On schedulers you should see two clusters: the same one as above, and another one only containing schedulers.

8. Configure the client

If you ran Terraform with -var public_nlb=false, you will need an EC2 instance in the cluster’s VPC or a machine in a peered network.

(If you ran Terraform with -var public_nlb=true, then anyone can connect to the service through the public address. Consider all security risks before choosing this option.)

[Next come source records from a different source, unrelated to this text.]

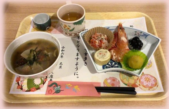
ゆうしゃいん庄原

毎年三が日の朝はおせちを提供しています。お雑煮も鰯や鶏肉など具材を変えて3日間提供しています。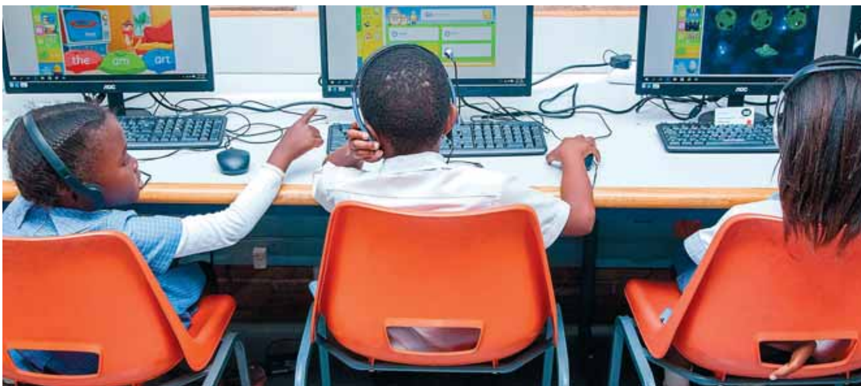
Τα δίκτυα Ιντερνετ που διαθέτει η Αφρική είναι υπερβολικά αργά και ακριβά αν θέλει κανείς να κάνει εντατική χρήση, όπως, για παράδειγμα για τις εφαρμογές βίντεο και τηλεδιάσκεψης.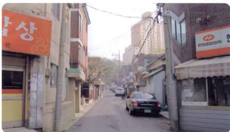
46 신월동 566-1 ~ 566-20 (신남2길)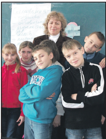
Труднощі адаптації в новому середовищі — поради психолога.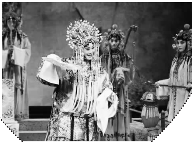
梅葆玖演出《贵妃醉酒》

很多人认为，梅兰芳已经将梅派艺术发展到顶峰，作为儿子的梅葆玖自然会有一种名门之后的无形压力。然而梅葆玖却完全没有这么想，在他看来，他只是个干活的人、一名演员，而非人们口中的大师。能把父亲的艺术传承下去，轻松享受戏曲之乐，就足够了。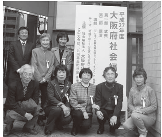
ボランティアで知事表彰されたみなさん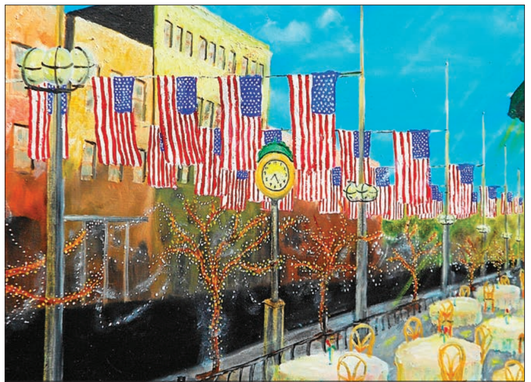
"La calle Larimer en Denver, la calle más antigua de allí", pintada por Dago Benavidez. CONTRIBUIDO POR DAGO BENAVIDEZ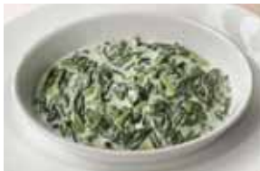
Creamed Spinach 1,500 クリームスピナッチ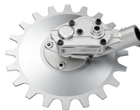
HUSQVARNA WEED SCISSOR GEAR ATTACHMENT RA-V 967 90 86-01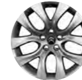
PLATIŠČE ATLANTIQUE 18" (2)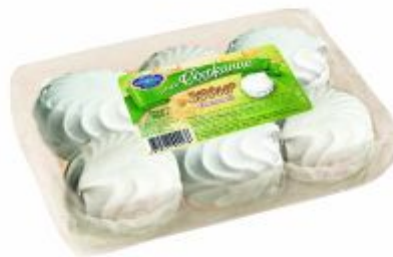
Ванильный Вес: 250 г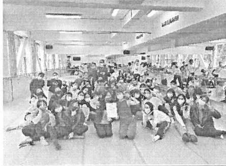
大家與老師的大合照，邀請主任頒發感謝狀給予老師，感謝老師蒞臨指導教學，也讓同學們有收穫滿滿的兩堂課。

  1. Install Docker, git, and Bazel.

    $ sudo apt install -y git docker.io
    
    $ sudo adduser $(whoami) docker
    
    $ curl -L -o bazel https://github.com/bazelbuild/bazel/releases/download/3.3.0/bazel-3.3.0-linux-x86_64
    
    $ git clone https://github.com/EngFlow/example
    
    $ chmod +x bazel
    
  2. Add a mapping from the load balancer IP to demo.engflow.com.

    $ sudo vi /etc/hosts
    

    Add the IP printed by Terraform:

    10.0.1.10  demo.engflow.com
    
  3. Log out and log in again

9. Run a build

Run in a terminal:

$ cd example

$ ../bazel build --config=engflow //java/...

Note: the first build can take a while as Bazel first downloads the docker image locally, and the cluster software then downloads the docker image on each worker. You will not see a performance improvement for builds of the example project; it is too small to benefit from the remote execution cluster.

2021-09-21